DATA TO PROCESS>
* * *
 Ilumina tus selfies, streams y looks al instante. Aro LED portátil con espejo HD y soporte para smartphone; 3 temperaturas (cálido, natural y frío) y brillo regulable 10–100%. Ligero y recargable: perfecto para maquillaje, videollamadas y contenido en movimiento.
* * *
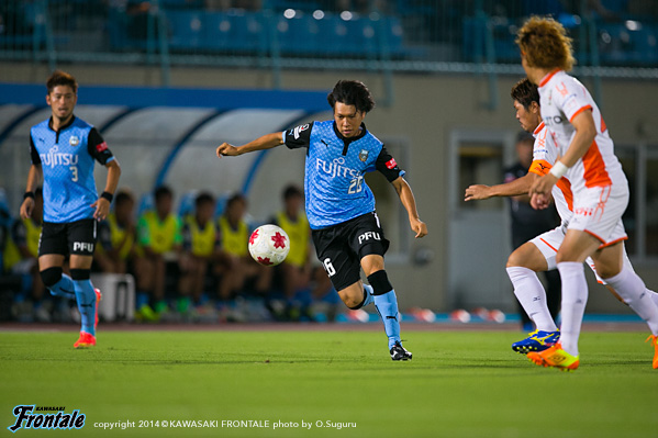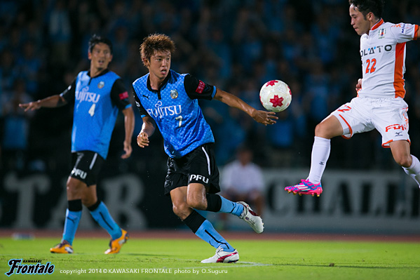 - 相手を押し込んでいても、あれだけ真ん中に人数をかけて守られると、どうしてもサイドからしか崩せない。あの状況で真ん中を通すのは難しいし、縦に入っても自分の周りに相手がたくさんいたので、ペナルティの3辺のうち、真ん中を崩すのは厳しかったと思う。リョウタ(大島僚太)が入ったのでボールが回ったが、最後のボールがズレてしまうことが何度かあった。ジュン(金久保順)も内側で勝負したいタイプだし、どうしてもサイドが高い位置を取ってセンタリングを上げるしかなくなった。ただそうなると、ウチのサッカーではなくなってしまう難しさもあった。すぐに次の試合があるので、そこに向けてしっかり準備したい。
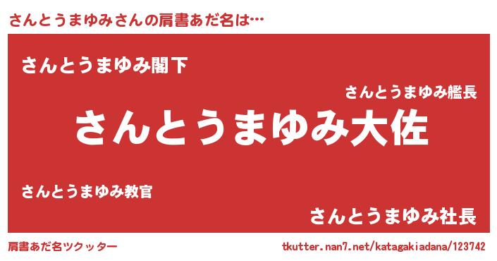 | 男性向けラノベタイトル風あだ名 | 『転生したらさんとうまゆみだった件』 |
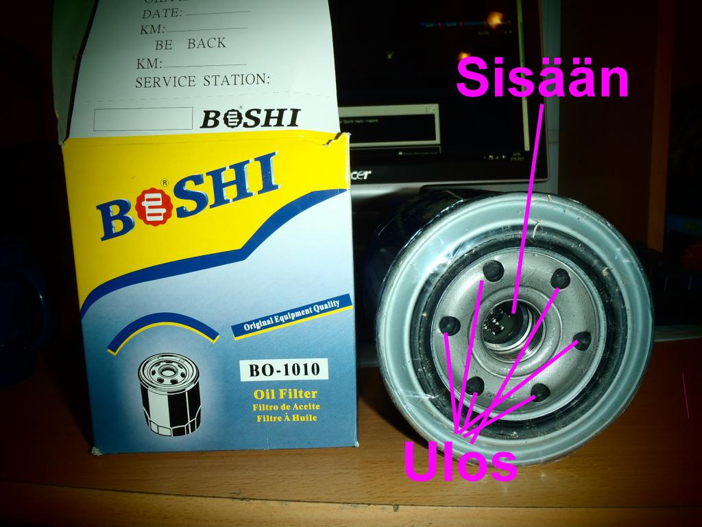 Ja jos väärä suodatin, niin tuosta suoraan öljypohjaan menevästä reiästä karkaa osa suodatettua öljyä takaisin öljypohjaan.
* * *
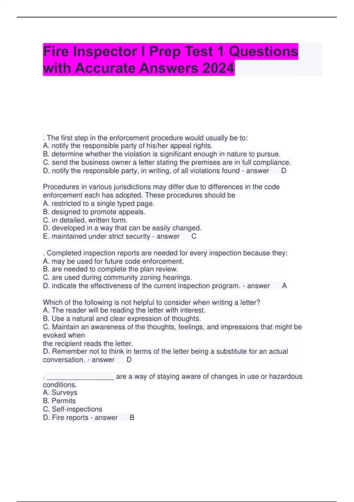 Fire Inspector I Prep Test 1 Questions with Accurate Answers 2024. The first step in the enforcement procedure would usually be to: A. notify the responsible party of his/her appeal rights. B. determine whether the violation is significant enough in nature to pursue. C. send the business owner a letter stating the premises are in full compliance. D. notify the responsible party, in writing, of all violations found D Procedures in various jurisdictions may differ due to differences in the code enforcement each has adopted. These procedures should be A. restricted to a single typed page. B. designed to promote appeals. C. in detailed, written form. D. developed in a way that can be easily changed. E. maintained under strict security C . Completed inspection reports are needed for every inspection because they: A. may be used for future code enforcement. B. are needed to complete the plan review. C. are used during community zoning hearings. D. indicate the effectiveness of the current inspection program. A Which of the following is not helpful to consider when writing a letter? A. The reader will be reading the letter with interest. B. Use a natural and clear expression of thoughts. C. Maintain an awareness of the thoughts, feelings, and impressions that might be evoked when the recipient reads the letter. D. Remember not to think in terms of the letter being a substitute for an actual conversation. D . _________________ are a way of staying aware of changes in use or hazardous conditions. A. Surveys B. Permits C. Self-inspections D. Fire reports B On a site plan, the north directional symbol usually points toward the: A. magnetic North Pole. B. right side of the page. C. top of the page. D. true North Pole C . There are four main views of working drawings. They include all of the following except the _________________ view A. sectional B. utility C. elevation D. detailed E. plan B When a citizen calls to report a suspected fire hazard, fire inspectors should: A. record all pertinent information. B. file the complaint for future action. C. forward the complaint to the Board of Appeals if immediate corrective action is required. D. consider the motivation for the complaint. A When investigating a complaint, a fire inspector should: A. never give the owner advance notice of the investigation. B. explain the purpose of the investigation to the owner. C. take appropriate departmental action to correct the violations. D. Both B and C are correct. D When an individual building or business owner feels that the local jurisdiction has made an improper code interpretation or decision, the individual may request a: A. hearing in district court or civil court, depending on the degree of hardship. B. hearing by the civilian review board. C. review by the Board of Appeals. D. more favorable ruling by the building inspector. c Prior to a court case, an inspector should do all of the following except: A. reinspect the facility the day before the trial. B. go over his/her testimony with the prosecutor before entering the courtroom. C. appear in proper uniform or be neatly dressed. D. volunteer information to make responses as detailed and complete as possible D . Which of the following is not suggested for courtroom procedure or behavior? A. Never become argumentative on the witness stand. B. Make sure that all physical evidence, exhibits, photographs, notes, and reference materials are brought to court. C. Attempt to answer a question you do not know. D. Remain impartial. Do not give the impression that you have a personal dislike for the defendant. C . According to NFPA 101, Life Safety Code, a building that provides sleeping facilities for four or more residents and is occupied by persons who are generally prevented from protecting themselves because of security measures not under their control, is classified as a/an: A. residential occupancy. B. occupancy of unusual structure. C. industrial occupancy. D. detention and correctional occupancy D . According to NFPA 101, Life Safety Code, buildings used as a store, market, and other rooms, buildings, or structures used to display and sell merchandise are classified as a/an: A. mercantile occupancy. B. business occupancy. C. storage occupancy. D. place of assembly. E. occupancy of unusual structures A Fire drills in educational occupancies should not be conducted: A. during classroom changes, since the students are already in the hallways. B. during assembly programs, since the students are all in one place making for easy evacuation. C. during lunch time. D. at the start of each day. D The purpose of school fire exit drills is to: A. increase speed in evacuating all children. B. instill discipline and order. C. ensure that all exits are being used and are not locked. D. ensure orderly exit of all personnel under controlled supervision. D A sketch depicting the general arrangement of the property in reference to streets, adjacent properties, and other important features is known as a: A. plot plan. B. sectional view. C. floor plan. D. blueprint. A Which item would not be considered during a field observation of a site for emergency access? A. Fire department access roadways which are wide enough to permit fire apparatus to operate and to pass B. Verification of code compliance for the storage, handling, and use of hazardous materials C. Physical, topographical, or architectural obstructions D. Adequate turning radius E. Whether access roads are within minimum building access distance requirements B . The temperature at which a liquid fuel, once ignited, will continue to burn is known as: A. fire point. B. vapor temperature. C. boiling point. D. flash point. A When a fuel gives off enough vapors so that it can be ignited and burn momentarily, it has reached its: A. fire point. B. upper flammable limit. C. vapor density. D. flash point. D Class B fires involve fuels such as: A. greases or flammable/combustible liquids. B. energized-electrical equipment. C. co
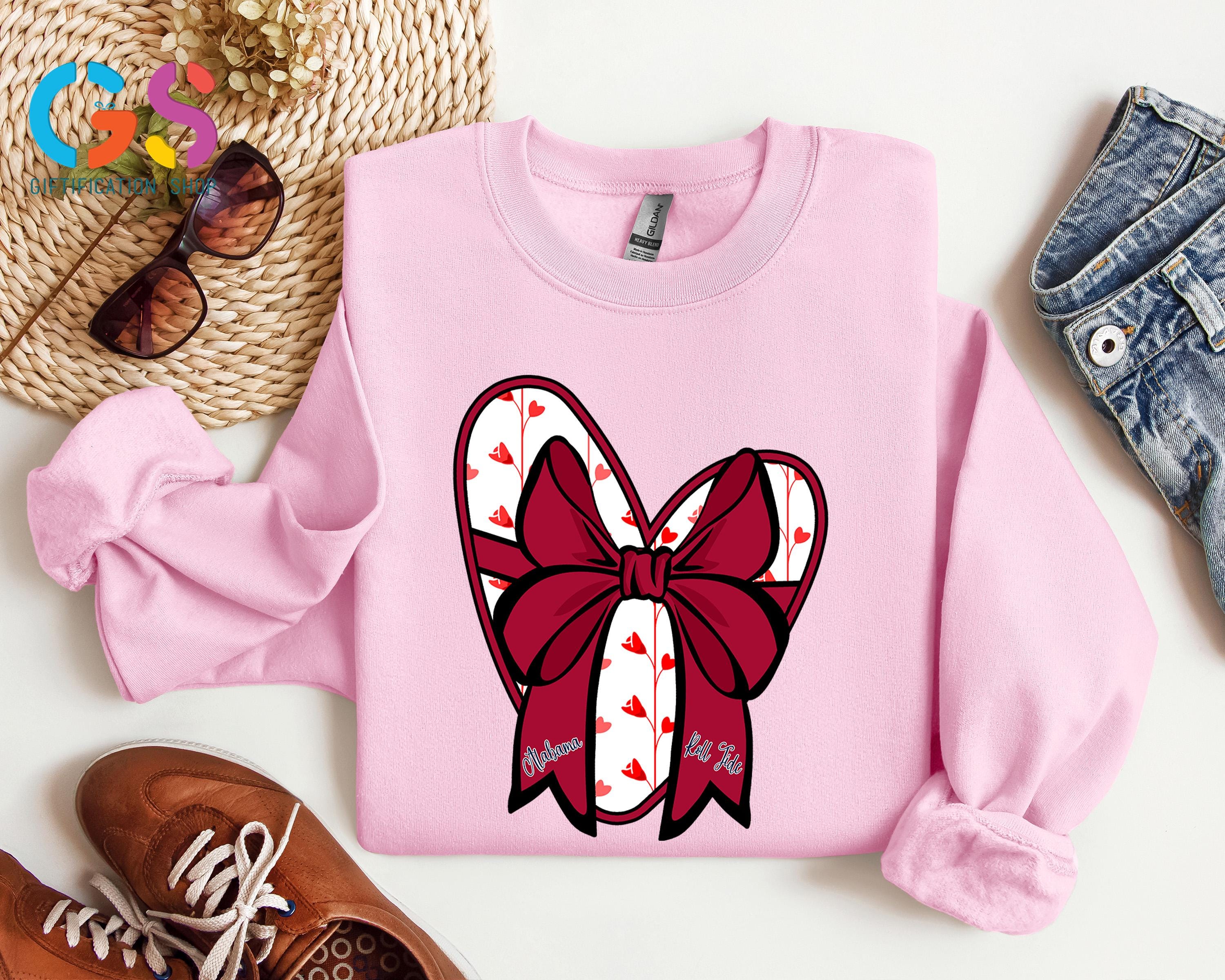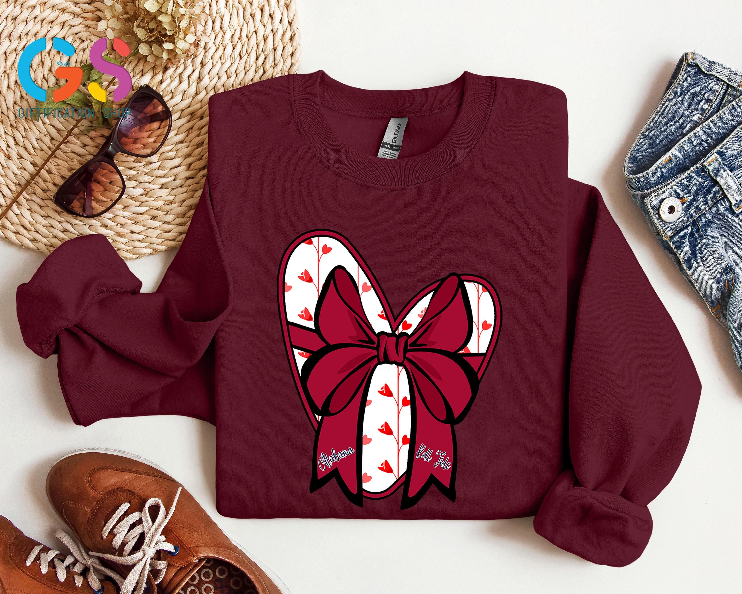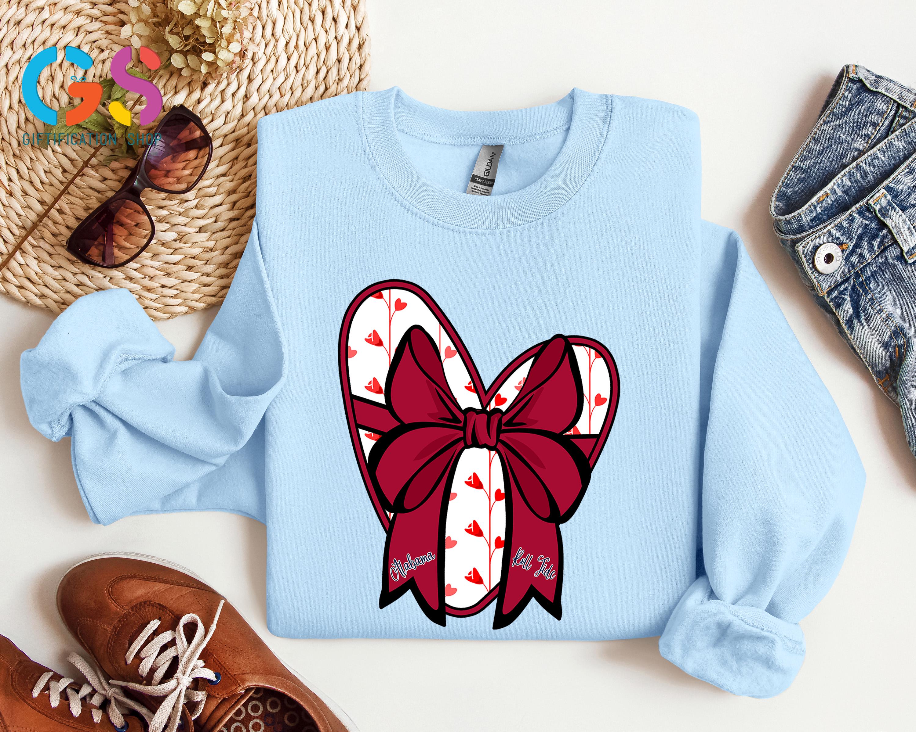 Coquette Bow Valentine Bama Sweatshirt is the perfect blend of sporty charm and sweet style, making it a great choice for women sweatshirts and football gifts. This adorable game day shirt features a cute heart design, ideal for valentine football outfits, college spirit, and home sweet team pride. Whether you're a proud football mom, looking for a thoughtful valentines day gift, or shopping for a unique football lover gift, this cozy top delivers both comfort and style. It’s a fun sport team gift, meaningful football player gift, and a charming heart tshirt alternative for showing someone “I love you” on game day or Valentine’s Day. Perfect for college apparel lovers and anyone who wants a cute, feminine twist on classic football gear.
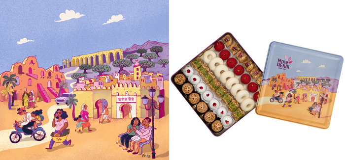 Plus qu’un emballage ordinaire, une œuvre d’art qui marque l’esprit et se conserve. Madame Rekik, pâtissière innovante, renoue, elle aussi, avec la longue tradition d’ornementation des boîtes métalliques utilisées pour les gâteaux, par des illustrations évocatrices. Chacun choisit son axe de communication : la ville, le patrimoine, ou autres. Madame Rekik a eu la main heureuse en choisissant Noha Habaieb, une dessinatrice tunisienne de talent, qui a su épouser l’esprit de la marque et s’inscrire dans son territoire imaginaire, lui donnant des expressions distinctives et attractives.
* * *
ACTIVITY> Taking the records above, print only and exactly the lines from the line with "男性向けラノベタイトル風あだ名 | 『転生したらさんとうまゆみだった件』 |" to the line with "Ja jos väärä", both kept, and exclude pictures.

ANSWER TO THIS PROBLEM>
 | 男性向けラノベタイトル風あだ名 | 『転生したらさんとうまゆみだった件』 |
 Ja jos väärä suodatin, niin tuosta suoraan öljypohjaan menevästä reiästä karkaa osa suodatettua öljyä takaisin öljypohjaan.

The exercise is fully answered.